When we hear “5TB of data” and “processing, analysing and transforming data” in one sentence, we immediately think Apache Beam (running as “Google Dataflow”). So we quickly drafted the architecture on the drawing board. You can see the implementation result of the pipeline below:
The pipeline includes a look-up to a file containing the coordinates of each sensor, some windowing (to get an aggregated view over 5 minutes) and some grouping and combining by sensorID. Without going into too much detail here, the take-away is that Dataflow makes writing processing logic a lot easier and can scale with a click of the button.
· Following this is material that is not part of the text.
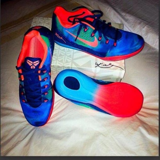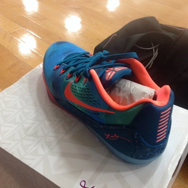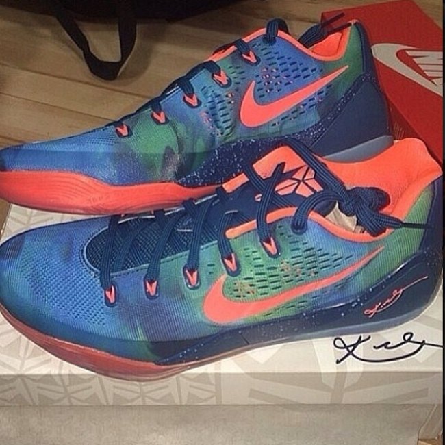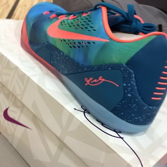 随着今年Nike EYBL(青年精英篮球联赛)Peach Jam冠军决赛的临近,部分参赛者已经提前收到了为他们准备的Nike Kobe 9 EM “Peach Jam”冠军决赛配色。蓝色工程网面鞋面辅以独特的绿色渐变效果,并搭配桃色内衬、Swoosh等细节。水晶大底内采用前桃色后蓝色的渐变呈现,令鞋款拥有不俗的视觉外观。这双Nike Kobe 9 EM “Peach Jam”据悉只为球员提供,应该没有市售的可能。

We ran the pipeline using 150 virtual machines running on Google Cloud simultaneously. Therefore, the time you see in the flowchat is merely the combined computation time of all the machines running the code and processing the data. The “ReadFromStorage” step for example did not last 1 day 2 hr 33 min in real life but about 10 minutes — hashtag hackathon!
While getting the resulting data written to BigQuery overnight, we came up with the architecture for our entire game plan:
Reading the files from GCS (and in the future maybe from Google PubSub, when TfL provides the data as a streaming service), processing with Dataflow, writing to BigQuery for Tableau analysis and Tensorflow predictions, and to PubSub for live visualisation and predictions).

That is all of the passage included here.